En premier lieu, l’arrêté contesté expose les circonstances de droit et de fait propres à la situation personnelle de M. B… dont les éléments sur lesquels la préfète de l’Essonne s’est fondée pour fixer le pays de renvoi. Dès lors, il comporte l’énoncé des considérations de droit et de fait qui en constituent le fondement, qui sont suffisamment développées pour permettre au requérant d’en contester utilement le bien-fondé. Par suite, le moyen tiré de l’insuffisante motivation de l’arrêté attaqué doit être écarté.
En deuxième lieu, aux termes de l’article 41 de la charte des droits fondamentaux de l’Union européenne : « 1. Toute personne a le droit de voir ses affaires traitées impartialement, équitablement et dans un délai raisonnable par les institutions, organes et organismes de l’Union. / 2. Ce droit comporte notamment : / a) le droit de toute personne d’être entendue avant qu’une mesure individuelle qui l’affecterait défavorablement ne soit prise à son encontre (…) ». Aux termes du paragraphe 1 de l’article 51 de la charte des droits fondamentaux de l’Union européenne : « Les dispositions de la présente Charte s’adressent aux institutions, organes et organismes de l’Union dans le respect du principe de subsidiarité, ainsi qu’aux Etats membres uniquement lorsqu’ils mettent en œuvre le droit de l’Union. (…) ».
Selon la jurisprudence de la Cour de justice de 1’Union européenne, une atteinte au droit d’être entendu n’est susceptible d’affecter la régularité de la procédure à l’issue de laquelle une décision faisant grief est prise que si la personne concernée a été privée de la possibilité de présenter des éléments pertinents qui auraient pu influer sur le contenu de la décision. Le requérant, qui se borne à soutenir que les conditions dans lesquelles il a été invité à présenter ses observations sont irrégulières et qu’ainsi son droit d’être entendu a été méconnu, ne précise pas en quoi il disposait d’informations pertinentes tenant à sa situation personnelle qu’il a été empêché de porter à la connaissance de l’administration avant que ne soit prise la décision fixant le pays de renvoi et qui, si elles avaient pu être communiquées à temps, auraient été de nature à faire obstacle à l’arrêté attaqué. Par suite, le moyen tiré de ce que la décision contestée méconnaîtrait les stipulations de l’article 41 de la charte susvisée et le principe général des droits de la défense, qui est au nombre des principes fondamentaux du droit de l’Union européenne, ne peut qu’être écarté.

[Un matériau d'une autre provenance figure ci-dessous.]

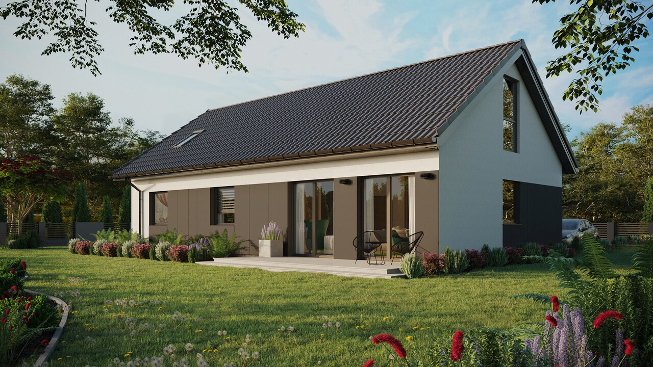 Projekt ERDOL 3 XL w wybranej konfiguracji posiada dach dwuspadowy z poddaszem użytkowym o kącie nachylenia 35 stopni oraz wyposażony jest w stolarkę PVC firmy EUROCOLOR SYNEGO na profilu marki REHAU o szerokości 80mm w kolorze antracytowym.

En troisième et dernier lieu, M. B…, qui se borne à faire état de craintes en cas de retour dans son pays, et qui n’a pas présenté de demande d’asile, n’établit pas être exposé à des traitements inhumains ou dégradants au sens de l’article 3 de la convention européenne de sauvegarde des droits de l’homme et des libertés fondamentales encas de retour en Algérie. Le moyen tiré de la méconnaissance de ces stipulations et de l’article L. 721-4 du code de l’entrée et du séjour des étrangers et du droit d’asile ne peut qu’être écarté.
Il résulte de tout ce qui précède que la requête de M. B… ne peut qu’être rejetée.
D E C I D E:
Article 1er : La requête de M. B… est rejetée.

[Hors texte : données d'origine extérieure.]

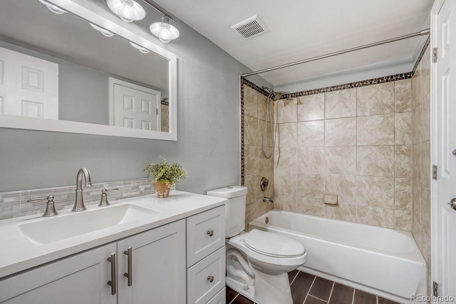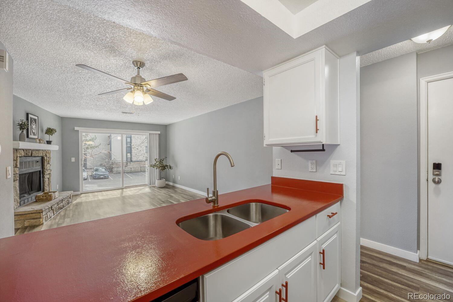 Welcome home to this charming 2 bedroom, 1 full bath, corner unit condo offering comfort, style, and low maintenance living in a prime location. The inviting living room features a cozy fireplace and a sliding glass door that fills the space with natural light while creating seamless indoor/outdoor flow to the patio, perfect for relaxing Colorado evenings. Enjoy cooking in the kitchen with stainless steel appliances, while the updated laminate flooring and fresh paint in the living room give the home a clean, modern feel. The thoughtfully designed layout features a Jack and Jill bathroom, providing added privacy and functionality for guest or roommates. Additional highlights include an in unit high efficiency washer and dryer, NEWER WATER HEATER (2023), NEW ROOF (2025). Security features include a Ring Doorbell and exterior patio camera. Enjoy community amenities such as a pool and tennis court(s), all with LOW HOA fees! Ideally located within blocks of shopping and dining, and just minutes to the light rail station, grocery store, fitness studios, parks, recreation, and the Anschutz Medical Campus. Easy access to I-225 and 20 minutes to DIA make commuting a breeze. Don't miss this opportunity to own a well appointed condo in an exceptional location.

Article 2 : Le présent jugement sera notifié à M. A… B… et à la préfète de l’Essonne.
Rendu public par mise à disposition au greffe le 13 octobre 2025.
La magistrate désignée,
signé
Ch. Descours-GatinLe greffier,
signé
T. Rion
La République mande et ordonne à la préfète de l’Essonne en ce qui la concerne ou à tous commissaires de justice à ce requis en ce qui concerne les voies de droit commun, contre les parties privées, de pourvoir à l’exécution de la présente décision.